What to do this week
Step 1: Name your default
Pick one pattern you fall into under pressure. Keep it specific.
Examples:
- “When I’m stressed at night, I snack while I scroll.”
- “When I’m tired after work, I skip training.”
- “When there’s tension, I avoid the conversation.”
Step 2: Find the cue
Ask: what reliably happens right before it?
- Time (9pm)
- Place (on the couch)
- Feeling (overwhelmed)
- Situation (after a long day)
You’re not trying to judge it. You’re trying to spot it.
Step 3: Choose an identity line
Pick 2–3 traits that matter to you under pressure.
Examples:
- “I’m steady.”
- “I follow through.”
- “I’m direct, not avoidant.”
This isn’t positive thinking. It’s a decision about what you’re practising.
Step 4: Build a “first move”
Don’t design the whole routine. Design the first move that happens fast.
A useful rule:
If your day goes sideways, keep one cue visible and make it the first move.
Example:
- Cue = shaker + scoop + oats on the bench before bed
- First move = make it while the kettle boils
The point isn’t the specific items. The point is reducing friction and removing guesswork when you’re tired.
Step 5: Make the environment do the work
Your environment is either helping your identity or helping your old default.
Small changes that work because they’re practical:
- Put the cue where the behaviour happens (bench, desk, car)
- Remove one barrier (pack the bag, fill the bottle, set the calendar)
- Make the “first move” easier than the old pattern
That’s where BSc Whey Protein works as a practical cue, as it’s designed to be reliable, easy to digest, and easy to stick to every day.
- a simple post-training or between-meals protein hit, without overthinking food prep.
Turn it into a habit (steal this cue)
Cue: shaker + tub on the bench before bed.
First move: mix it while the kettle boils (or as soon as you walk in the door).

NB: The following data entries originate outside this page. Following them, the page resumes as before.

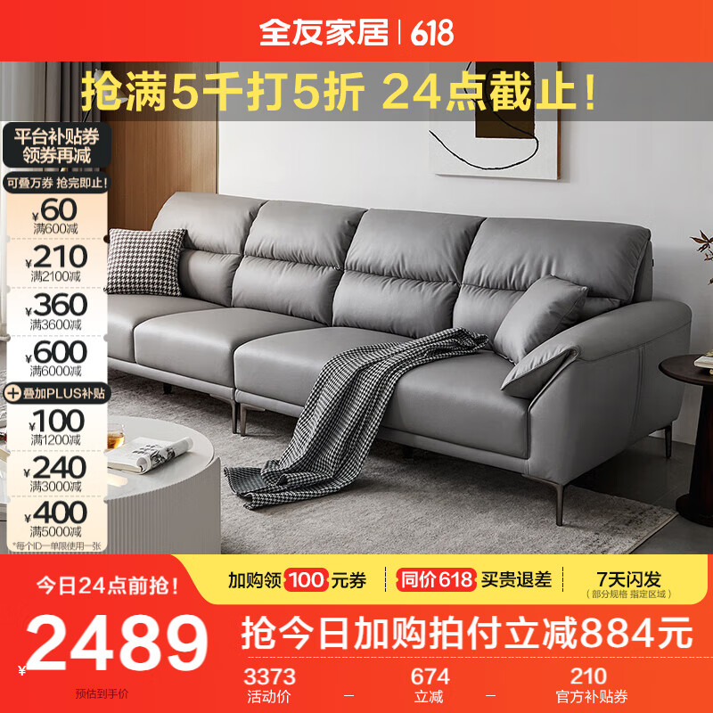 全友家居 科技布沙发客厅现代简约大象耳朵豆腐块直排沙发家具111077价格:3373.75元!
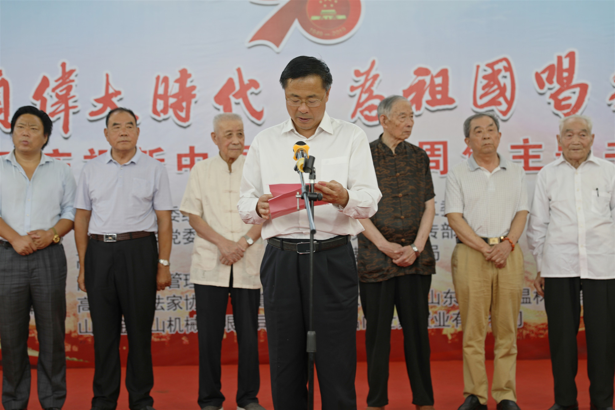 为庆祝中华人民共和国成立70周年,9月25日,高新区在党工委管委会体育馆举办“颂伟大时代·为祖国喝彩”——庆祝新中国成立70周年主题书画展。区党工委副书记王剑峰出席活动并致辞,区相关各部门单位负责人参加。此次活动是由区党工委组织部、纪工委监工委、机关党委、宣传部、总工会、教育体育局、应急管理局联合主办,高新区书法家协会、高新区美术家协会、山东华能保温材料有限公司、山东金宝山机械有限公司、山东名门世家置业有限公司共同承办。本次书画展特邀嘉宾原临沂市政协副主席刘家骥、原临沂市政协常委高庆荣、原临沂市政协文史办主任朱瑞田、临沂市书法家协会办公室主任姜为民、清华大学美术学院书画高研班导师钱守宽共同参加。
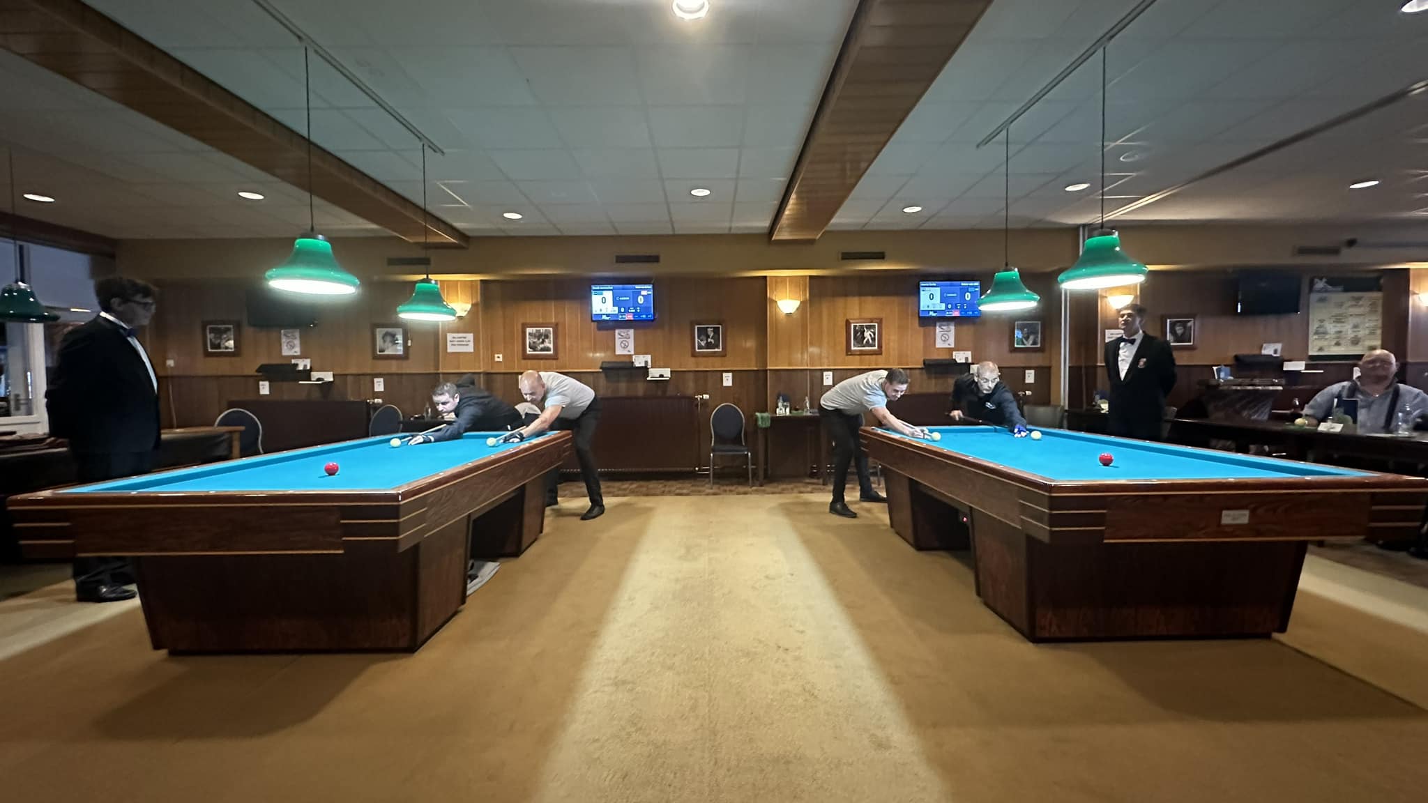 In Poule 2 heeft Kaderteam van der Wilt helaas afscheid moeten nemen van Hans de Vries, aimabele man. Geweldige 4e man, ”Van Boven”, zal hij jullie best in de gaten houden. Hans kwam nog tot 2 winst en 2 verlies partijen. Dennis Bouwhuis pakte in ronde 109 de winst in 3 beurten,140-3-46,66. Ricardo Diters viel op met 2 partijen 57/2 in 5 beurten, 200-5-40,00.
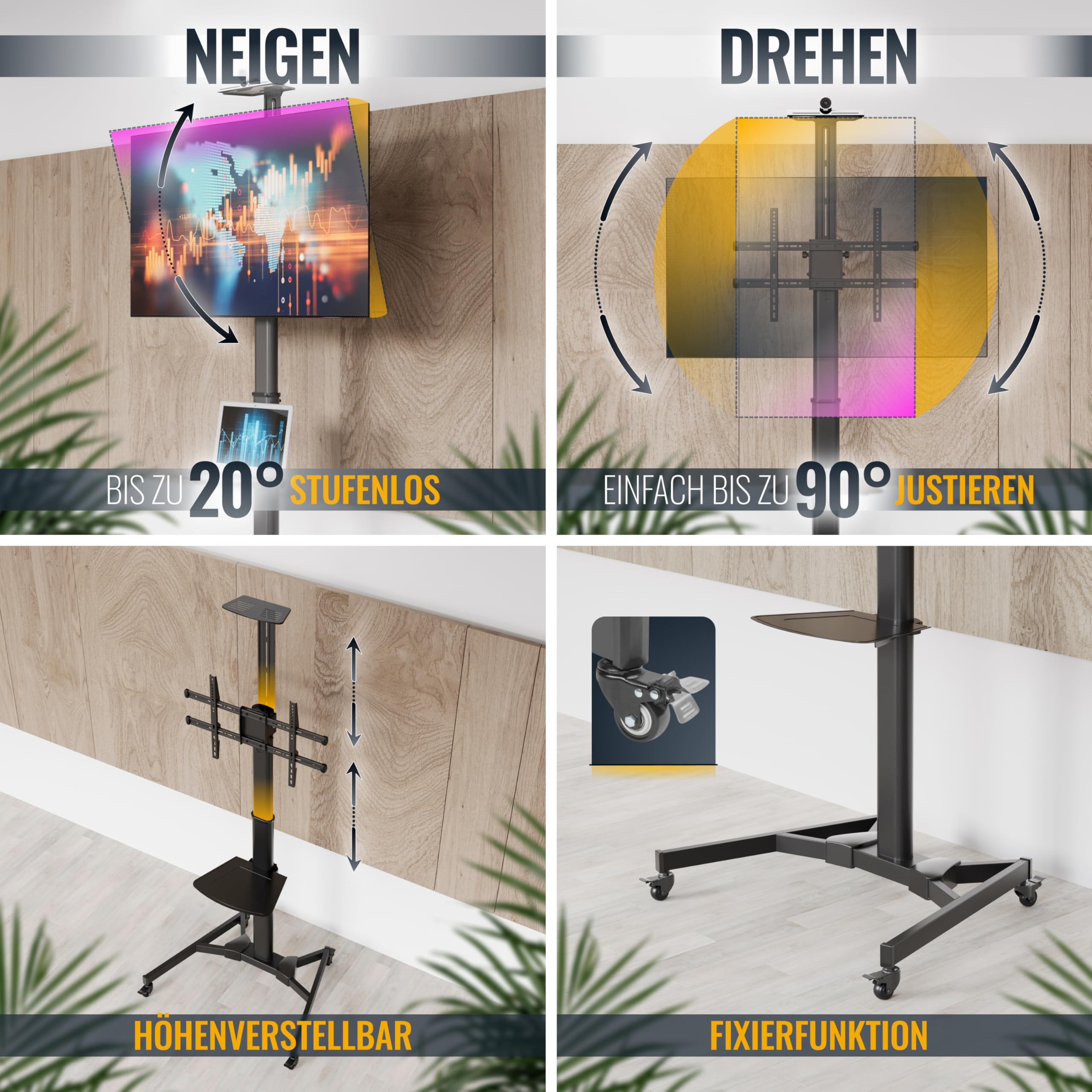 Design d'écran rotatif à 90° : ce support TV peut être tourné à 90° sans outils, de sorte que vous pouvez facilement regarder la télévision sur l'écran horizontal et regarder de courtes vidéos sur l'écran vertical pour répondre à différents besoins. Pied Universel Pour Tv AOKCOS Support De Sol Pour TV - Roulable - Avec étagère En Bois - Avec Tele Portable Sur Pied Compatibilité et universalité : ce support de sol pour téléviseur est adapté à la plupart des téléviseurs et moniteurs de la plupart des marques de 19 à 42 pouces et pesant jusqu'à 15 kg. jusqu'à 20 kg, Chariot TV Mobile Réglable en Hauteur, Max VESA 200x200mm pour la Salle de Réunion et la Maison · 4,54,5 sur 5 étoiles (1,8 k). Plus de 50... Pour vous assurer que vous obtenez la meilleure vue possible. Base en X peu encombrante et stable : la longue face avant et l'arrière court de la base en forme de X réduisent le risque de basculement vers l'avant et augmentent la stabilité du support de télévision en métal. Il supporte les écrans de 43 à 75 (jusqu'à 50kg) avec une base en bois chic et des roulettes pratiques. La hauteur s'ajuste de 130 à 162cm, et l'angle s... Angle d'inclinaison et hauteur réglables : l'angle d'inclinaison de ce support TV peut être réglé entre -2° et +10°. Compatible avec les trous VESA de 75 x 75 mm à 200 x 200 mm. En outre, il s'adapte plus étroitement au mur sans prendre trop de place. Support Pied Tv pas cher - Meilleures ofes neuf et occasion Ainsi, vous pouvez déplacer le chariot TV d'un endroit à un autre silencieusement et en douceur et fixer la position debout. 【2 Gestions de Câbles & Montage Rapide】Nous vous proposons 2 façons de gérer les câbles : vous pouvez les passer à travers le tube ou les fixer derrière le tube avec un support de câble pour mettre de l'ordre dans votre maison.
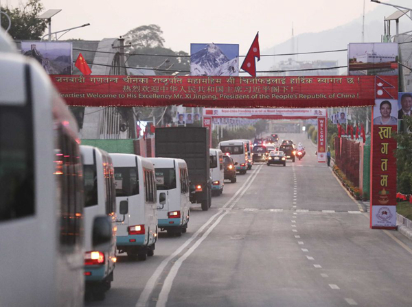 10月12日,尼泊爾首都加德滿都,車隊(duì)經(jīng)過一道道迎賓拱門。新華社記者丁林?jǐn)z
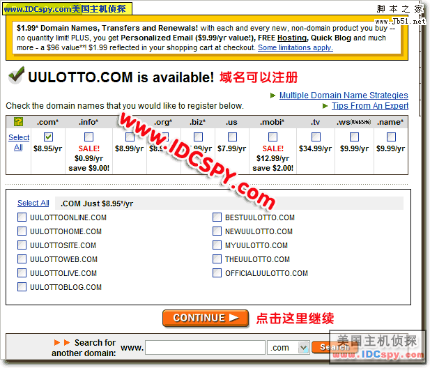 7。如果域名可以注册将出现下图所示的xxxxx.com is available,如果不可以注册,选择其他域名载进行查询。然后点击continue进入下一步。
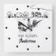 This black and white Mr. & Mrs. clock features two chickens, a rooster and hen in love. They are set against a charming line drawing country farm. It can be personalised with a surname or any text that you wish to add. ~
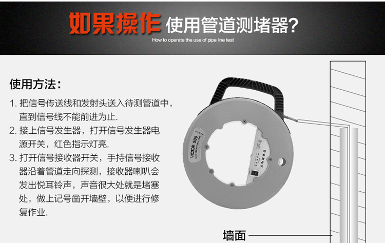 胜利仪器(VICTOR) VC508A 无线电管道测堵器 测堵仪 测塑管 穿线管堵塞
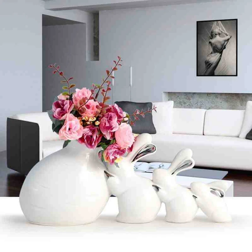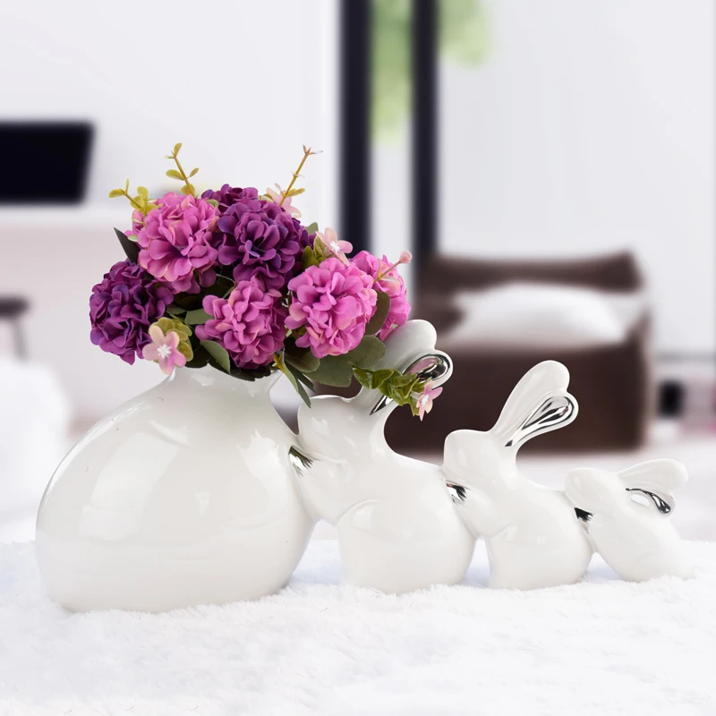 Modern Art Creative Ceramic Vase rabbit family Figurines & Miniatures Wedding Gifts home decor tabl

The point isn’t the perfect macro plan. It’s making the “next right step” the easiest option when you’re tired.
Common misconceptions
“If I understand it, I’ll do it”
Understanding helps, but it’s not the same as action. The gap is usually cue design and repetition, not intelligence.
“I just need more discipline”
Discipline matters, but discipline is easier when the environment is built for follow-through. A good cue turns “I should” into “I do”.
“If I slip, I’m back to zero”
Slips are data. They show you where your cues are weak and where your environment is pulling you back to the familiar.